** Opening THE RECORDS block **
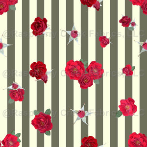 Scattered red roses and rosebuds create a lovely design on Mountain Sage (dark yellow-green) and cream stripes.
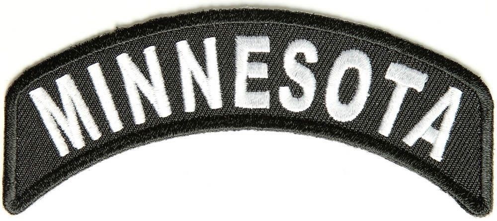 Minnesota State White on Black Small Rocker Patch Front for Biker Jacket Vest.
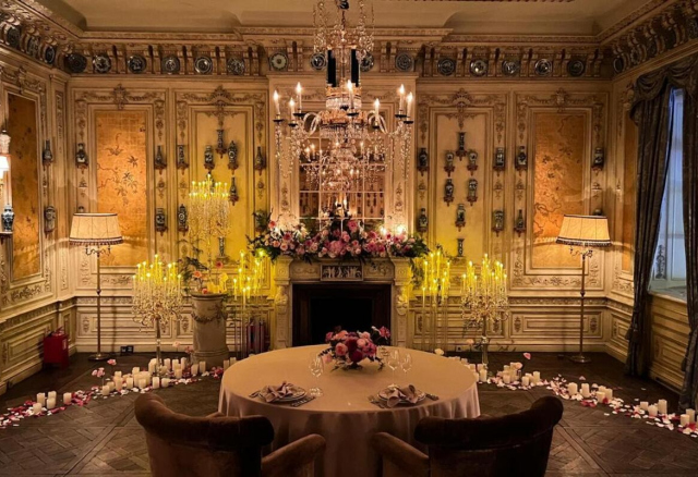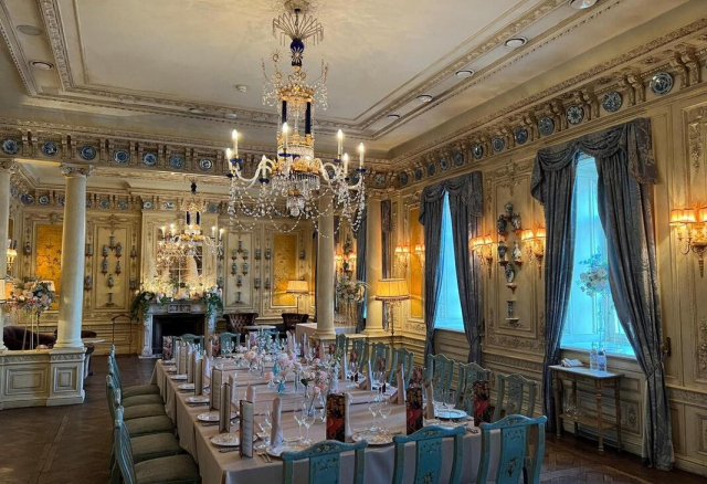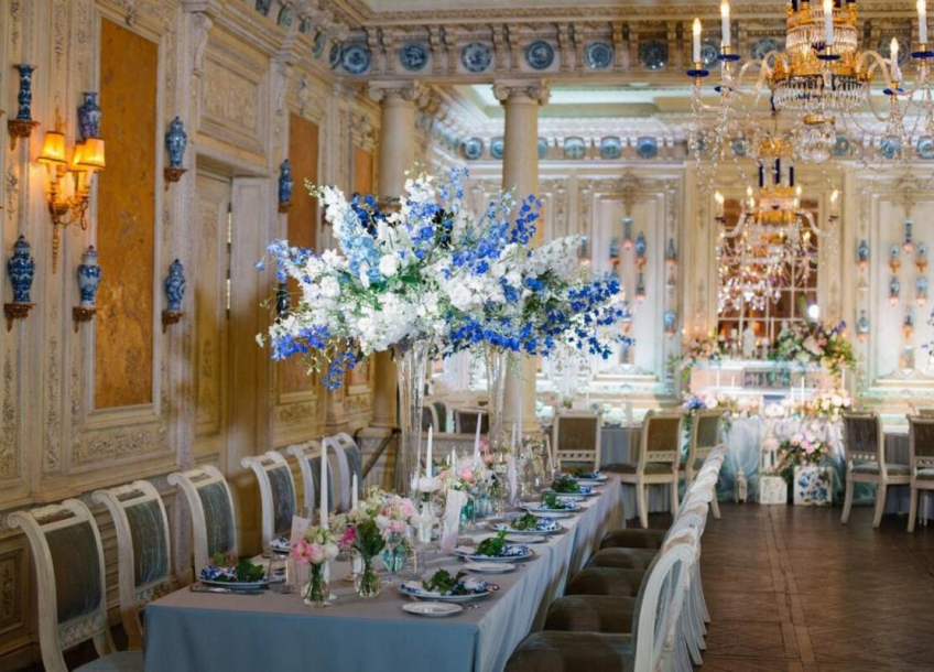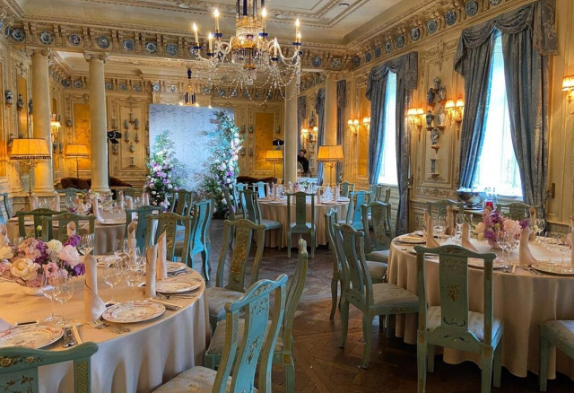 Роскошный, светлый, праздничный Фарфоровый зал выполнен в стиле неоклассики XVIII века. Такое решение продиктовано подлинными колоннами, сохранёнными в интерьере зала. Уютный треск поленьев в каминах наполнит атмосферу праздника теплом и уютом.
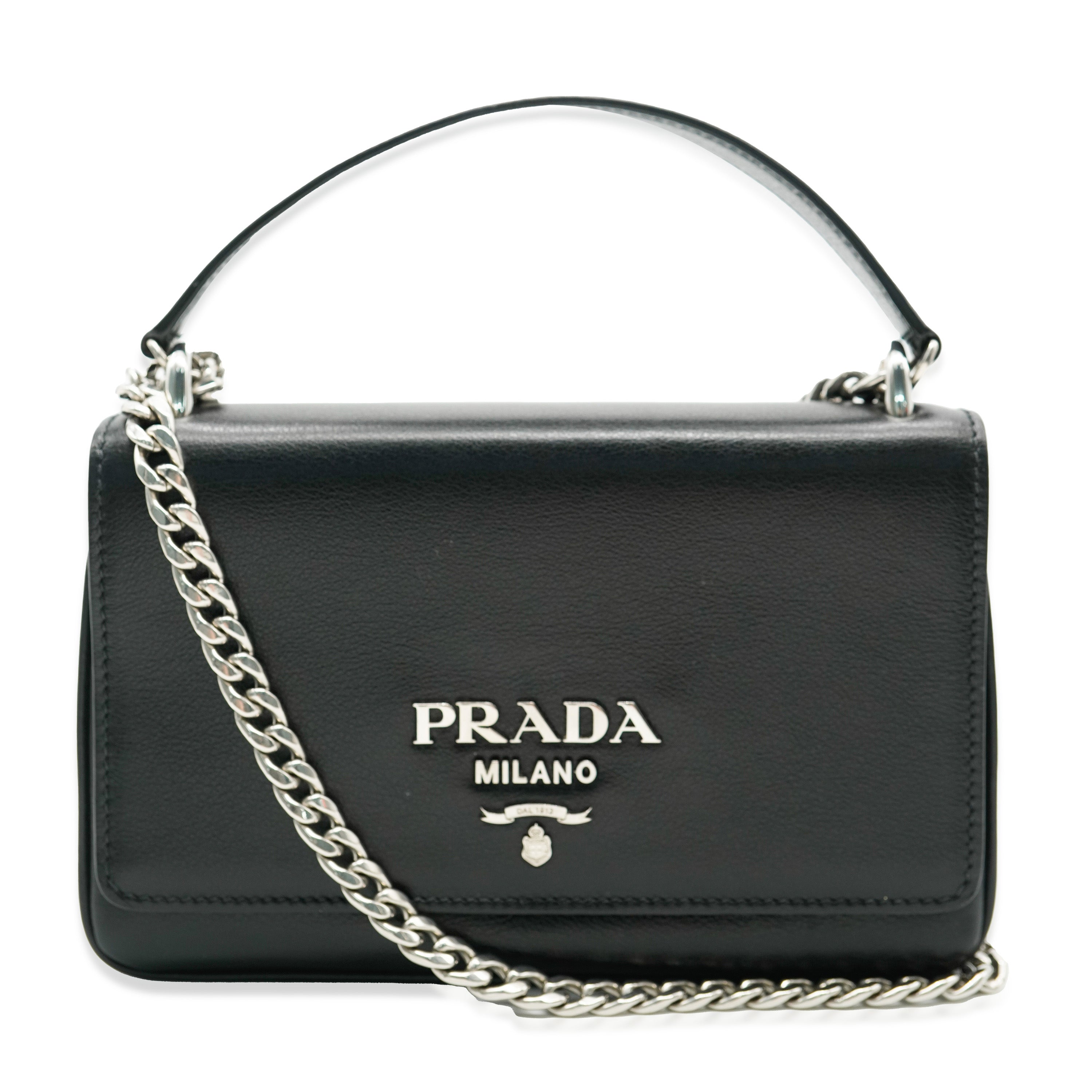 PRADA - Bolso bandolera con solapa y cadena de piel de becerro negra con logotipo
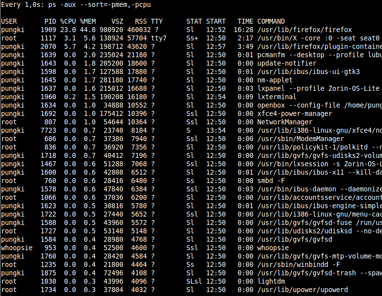 當(dāng)有一種情況,我們需要像上面第四點中提到的通過CPU和內(nèi)存的使用率來篩選進程,并且我們希望結(jié)果能夠每秒刷新一次。為此,我們可以將ps命令和watch命令結(jié)合起來。
** Closing THE RECORDS block **
WORK TO BE COMPLETED:
Retype the records verbatim, but not their images.

PROBLEM SOLUTION:
 Scattered red roses and rosebuds create a lovely design on Mountain Sage (dark yellow-green) and cream stripes.
 Minnesota State White on Black Small Rocker Patch Front for Biker Jacket Vest.
 Роскошный, светлый, праздничный Фарфоровый зал выполнен в стиле неоклассики XVIII века. Такое решение продиктовано подлинными колоннами, сохранёнными в интерьере зала. Уютный треск поленьев в каминах наполнит атмосферу праздника теплом и уютом.
 PRADA - Bolso bandolera con solapa y cadena de piel de becerro negra con logotipo
 當(dāng)有一種情況,我們需要像上面第四點中提到的通過CPU和內(nèi)存的使用率來篩選進程,并且我們希望結(jié)果能夠每秒刷新一次。為此,我們可以將ps命令和watch命令結(jié)合起來。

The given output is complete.